[Task statement]:
Would you transcribe only the lines from the one holding "Jammer genoeg is" through the end of the material, exactly, without any pictures?

[Data for the task]:
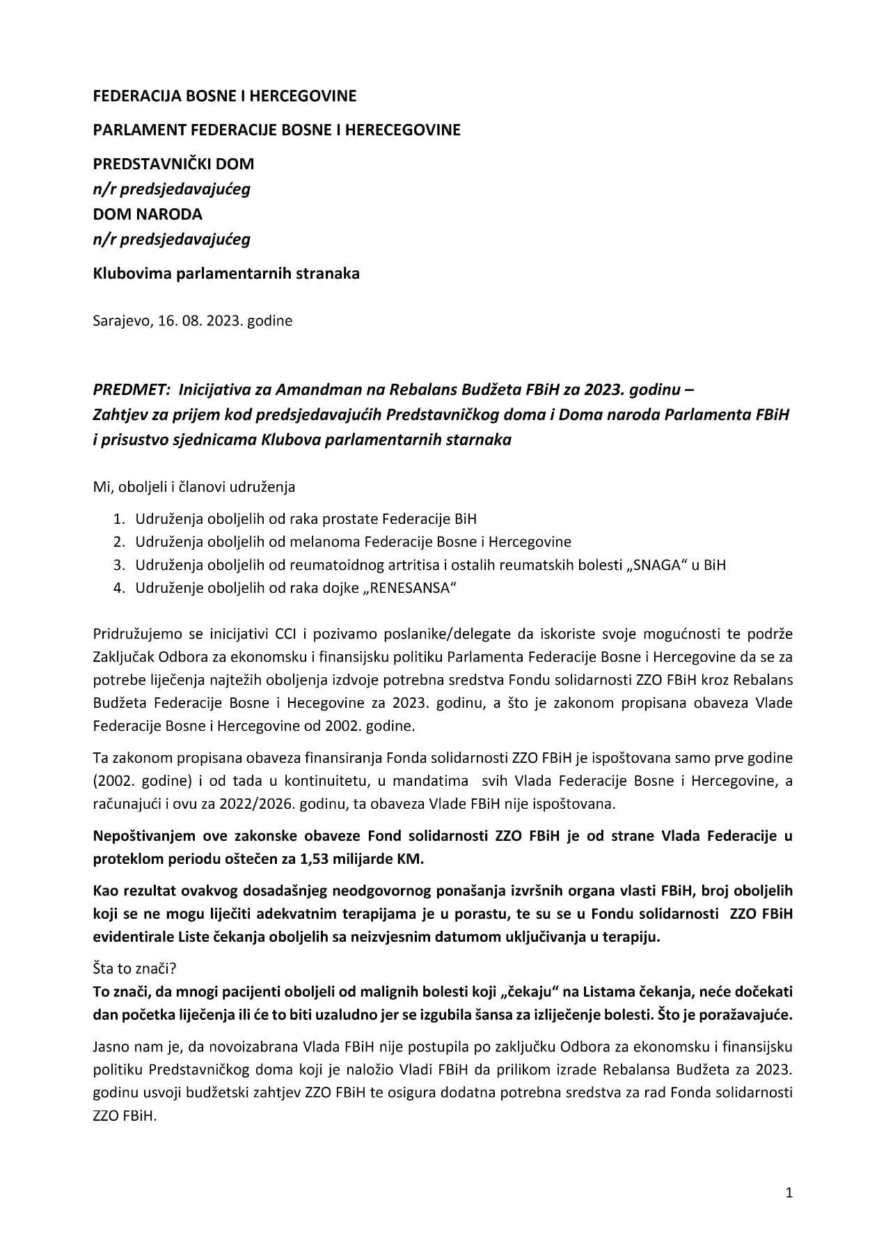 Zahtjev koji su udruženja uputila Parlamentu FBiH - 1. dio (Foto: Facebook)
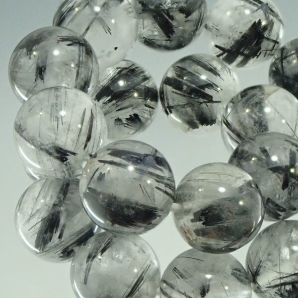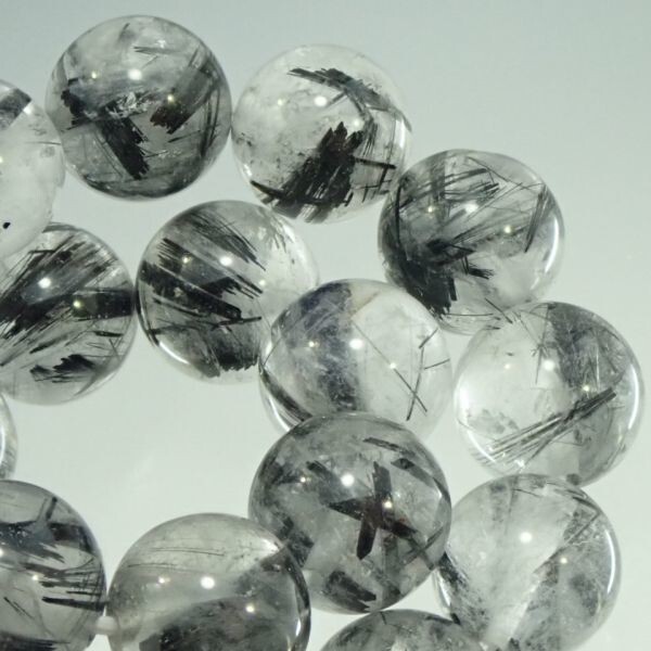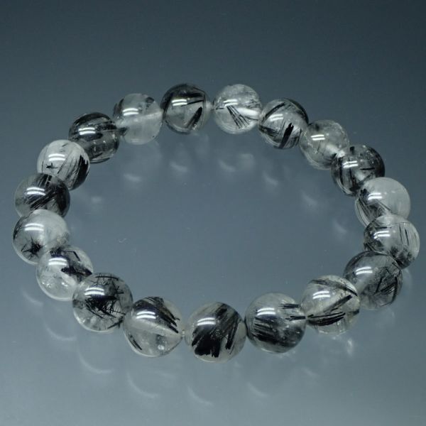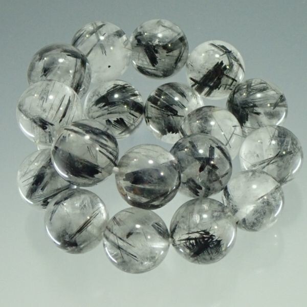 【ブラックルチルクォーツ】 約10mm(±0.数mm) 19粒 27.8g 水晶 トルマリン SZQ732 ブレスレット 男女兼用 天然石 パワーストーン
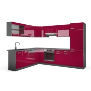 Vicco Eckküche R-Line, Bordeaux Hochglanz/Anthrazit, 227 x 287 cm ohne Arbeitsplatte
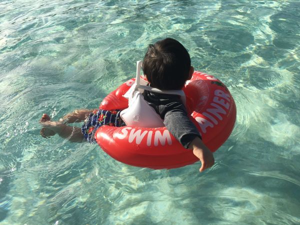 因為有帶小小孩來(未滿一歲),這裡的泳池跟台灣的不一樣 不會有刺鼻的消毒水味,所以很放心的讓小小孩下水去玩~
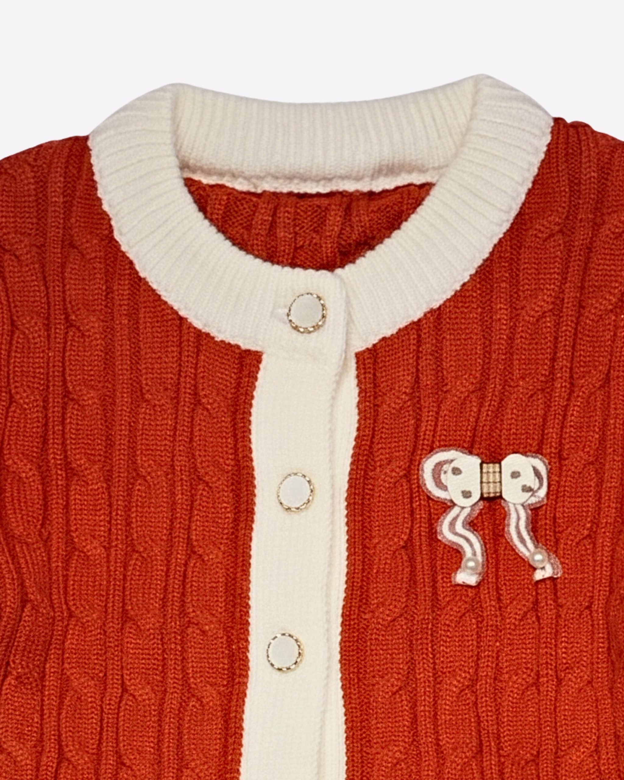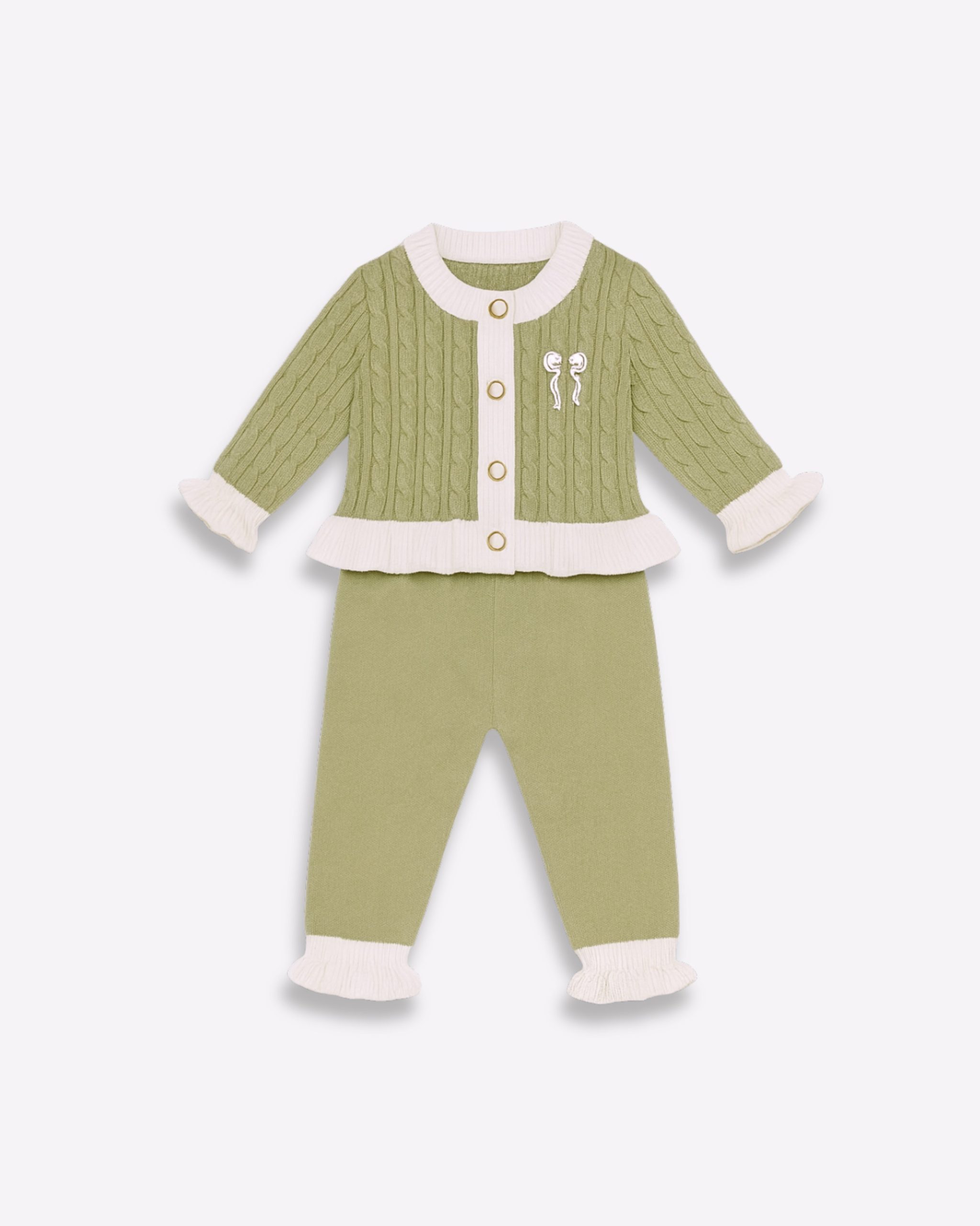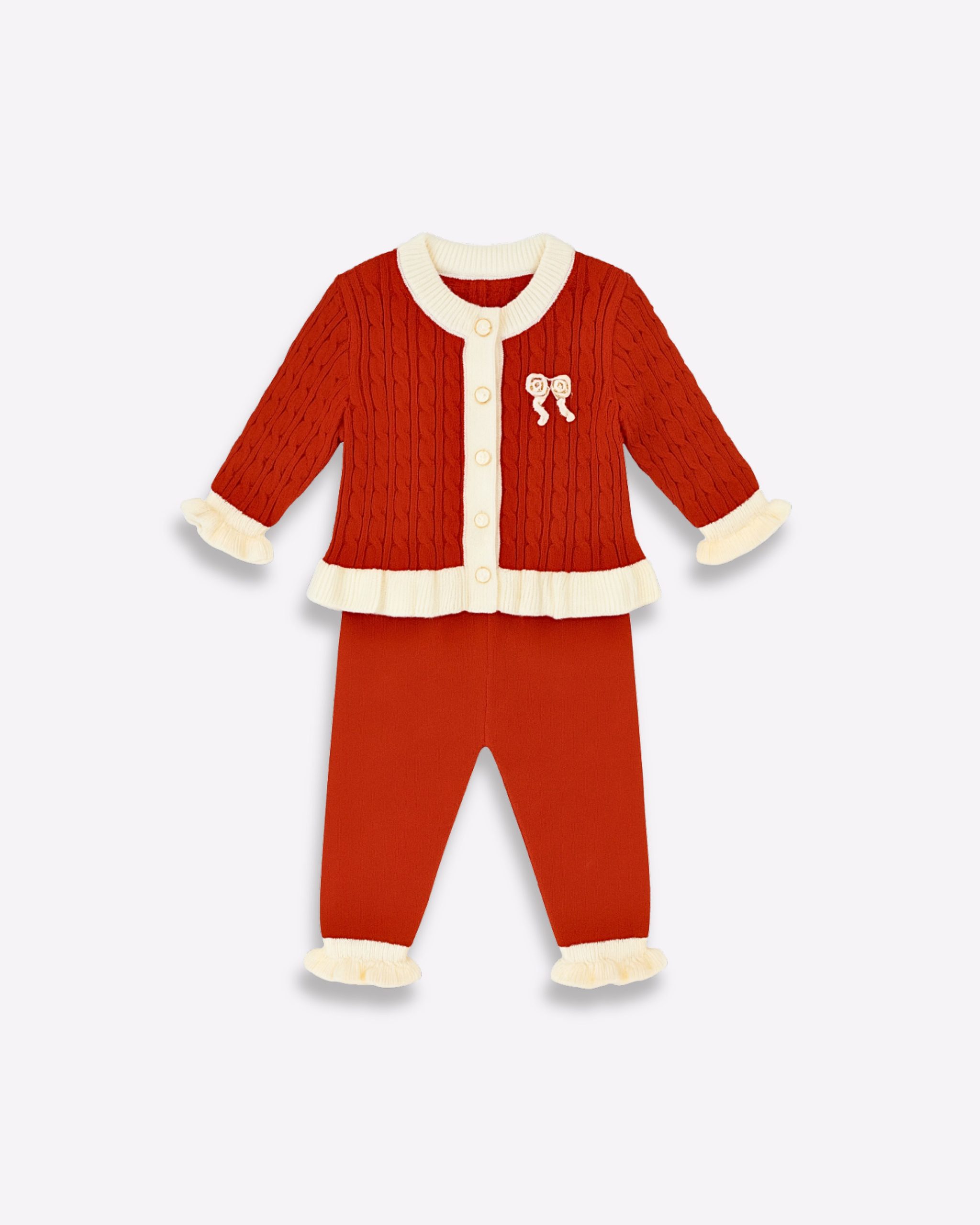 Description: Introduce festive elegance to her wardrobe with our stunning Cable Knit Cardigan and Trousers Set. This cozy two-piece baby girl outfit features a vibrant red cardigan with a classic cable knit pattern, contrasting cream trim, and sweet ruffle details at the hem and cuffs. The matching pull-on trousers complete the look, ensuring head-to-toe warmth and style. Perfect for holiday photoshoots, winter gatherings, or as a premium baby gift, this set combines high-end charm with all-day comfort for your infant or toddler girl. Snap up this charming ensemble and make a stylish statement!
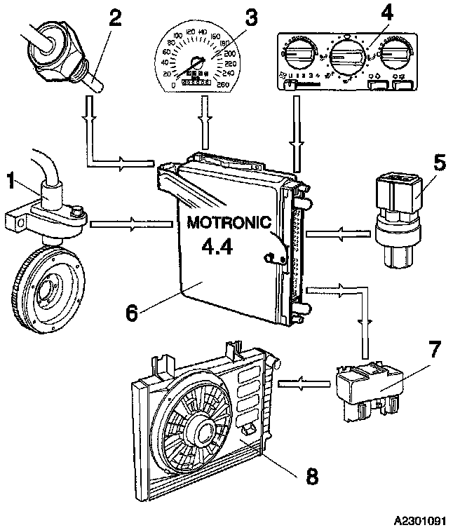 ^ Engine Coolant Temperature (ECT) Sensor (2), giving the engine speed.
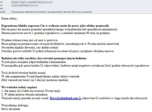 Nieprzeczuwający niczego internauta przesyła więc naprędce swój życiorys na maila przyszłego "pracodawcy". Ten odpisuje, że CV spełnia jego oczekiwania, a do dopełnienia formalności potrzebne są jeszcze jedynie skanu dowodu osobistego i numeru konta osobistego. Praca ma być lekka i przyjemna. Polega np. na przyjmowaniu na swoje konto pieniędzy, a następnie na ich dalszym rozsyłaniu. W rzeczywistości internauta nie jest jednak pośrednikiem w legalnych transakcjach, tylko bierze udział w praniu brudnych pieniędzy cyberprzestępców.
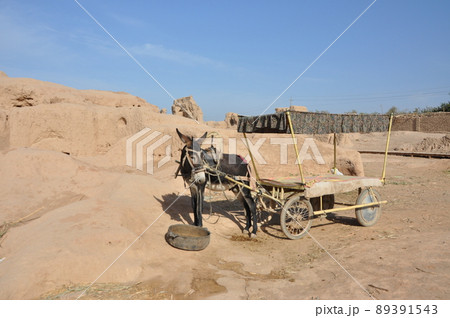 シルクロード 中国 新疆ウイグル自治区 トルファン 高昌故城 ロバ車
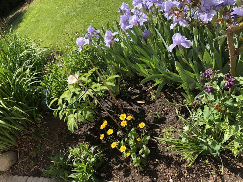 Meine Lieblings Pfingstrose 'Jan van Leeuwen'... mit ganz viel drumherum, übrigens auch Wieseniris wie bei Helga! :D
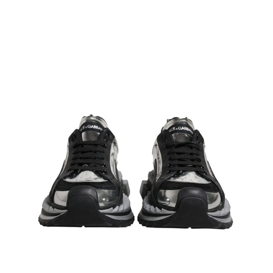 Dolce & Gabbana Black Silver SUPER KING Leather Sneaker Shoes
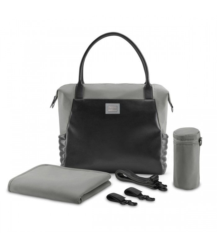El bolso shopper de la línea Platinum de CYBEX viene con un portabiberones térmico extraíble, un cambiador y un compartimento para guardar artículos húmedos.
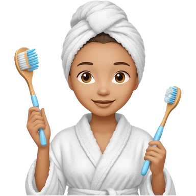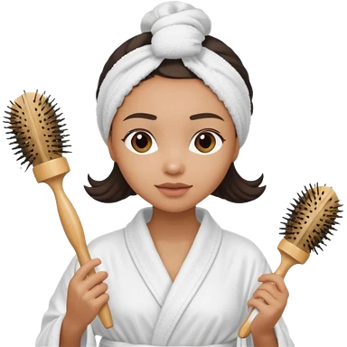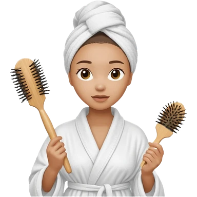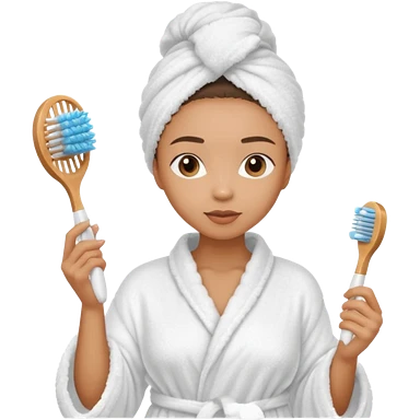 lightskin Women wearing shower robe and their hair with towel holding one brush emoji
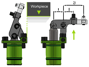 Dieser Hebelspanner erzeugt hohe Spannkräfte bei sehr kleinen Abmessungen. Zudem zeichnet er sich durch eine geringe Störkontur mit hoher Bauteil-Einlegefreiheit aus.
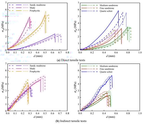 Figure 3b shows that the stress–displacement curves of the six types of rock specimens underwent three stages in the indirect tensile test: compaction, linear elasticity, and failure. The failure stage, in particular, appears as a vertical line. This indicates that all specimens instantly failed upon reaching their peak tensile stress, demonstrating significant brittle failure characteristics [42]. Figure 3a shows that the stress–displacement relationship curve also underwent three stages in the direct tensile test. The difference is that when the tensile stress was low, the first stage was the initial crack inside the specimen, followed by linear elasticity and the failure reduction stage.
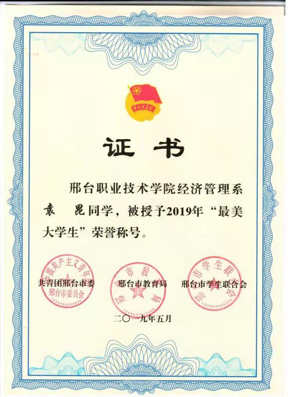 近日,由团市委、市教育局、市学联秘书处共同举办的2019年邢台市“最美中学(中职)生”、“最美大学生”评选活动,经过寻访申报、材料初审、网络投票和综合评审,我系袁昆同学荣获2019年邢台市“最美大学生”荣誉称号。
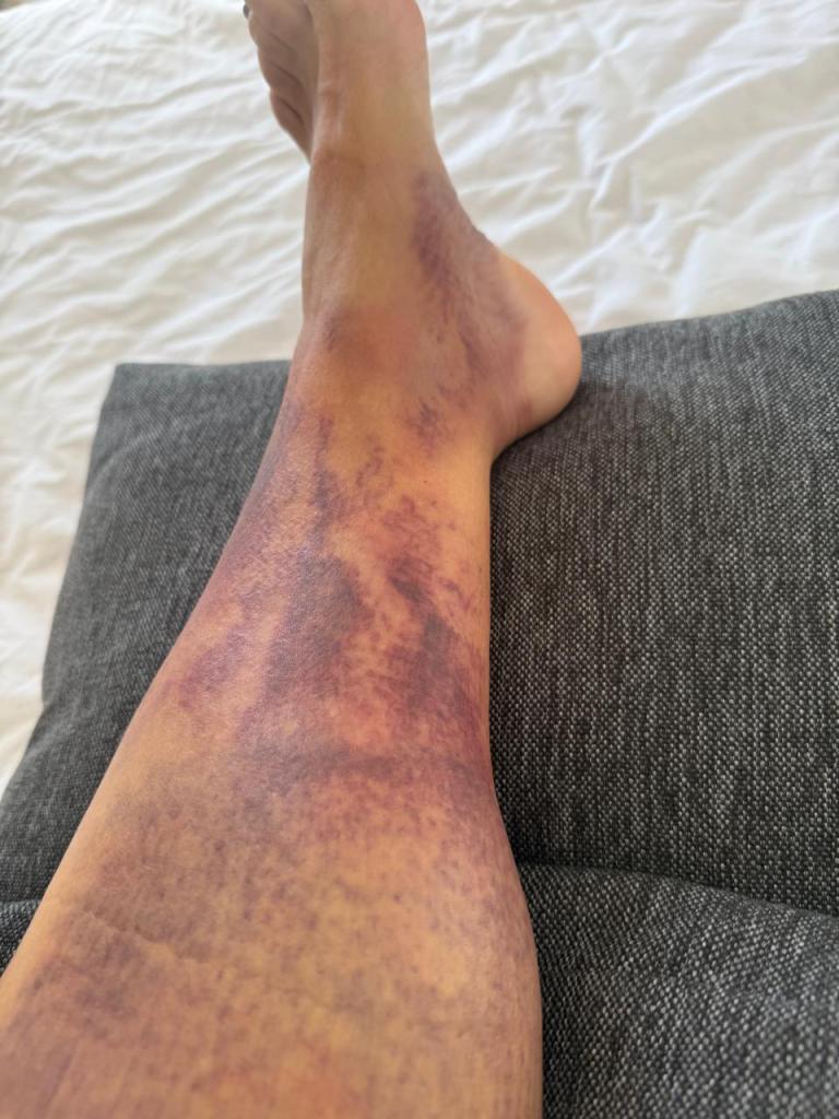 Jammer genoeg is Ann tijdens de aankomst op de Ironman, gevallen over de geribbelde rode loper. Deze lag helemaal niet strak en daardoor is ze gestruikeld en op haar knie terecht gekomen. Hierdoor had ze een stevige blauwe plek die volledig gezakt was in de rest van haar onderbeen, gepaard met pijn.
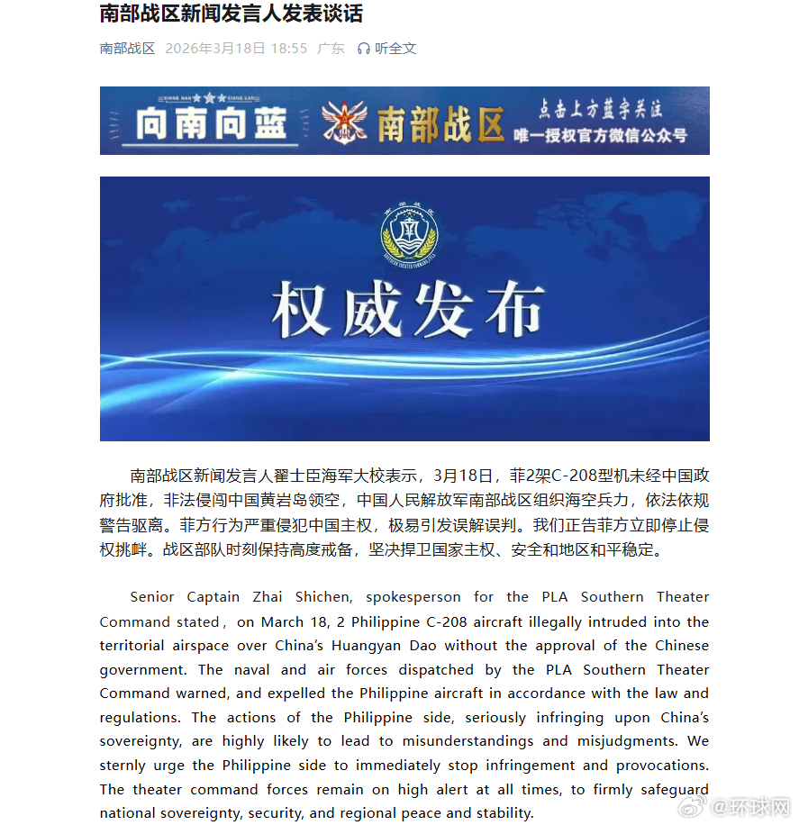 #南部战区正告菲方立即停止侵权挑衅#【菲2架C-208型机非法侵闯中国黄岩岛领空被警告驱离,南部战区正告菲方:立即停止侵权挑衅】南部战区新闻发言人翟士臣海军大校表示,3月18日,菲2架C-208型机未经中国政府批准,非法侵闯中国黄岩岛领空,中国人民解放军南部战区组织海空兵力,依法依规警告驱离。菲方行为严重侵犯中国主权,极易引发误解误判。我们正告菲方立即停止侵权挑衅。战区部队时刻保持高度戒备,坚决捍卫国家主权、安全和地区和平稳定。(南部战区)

[Response]:
 Jammer genoeg is Ann tijdens de aankomst op de Ironman, gevallen over de geribbelde rode loper. Deze lag helemaal niet strak en daardoor is ze gestruikeld en op haar knie terecht gekomen. Hierdoor had ze een stevige blauwe plek die volledig gezakt was in de rest van haar onderbeen, gepaard met pijn.
 #南部战区正告菲方立即停止侵权挑衅#【菲2架C-208型机非法侵闯中国黄岩岛领空被警告驱离,南部战区正告菲方:立即停止侵权挑衅】南部战区新闻发言人翟士臣海军大校表示,3月18日,菲2架C-208型机未经中国政府批准,非法侵闯中国黄岩岛领空,中国人民解放军南部战区组织海空兵力,依法依规警告驱离。菲方行为严重侵犯中国主权,极易引发误解误判。我们正告菲方立即停止侵权挑衅。战区部队时刻保持高度戒备,坚决捍卫国家主权、安全和地区和平稳定。(南部战区)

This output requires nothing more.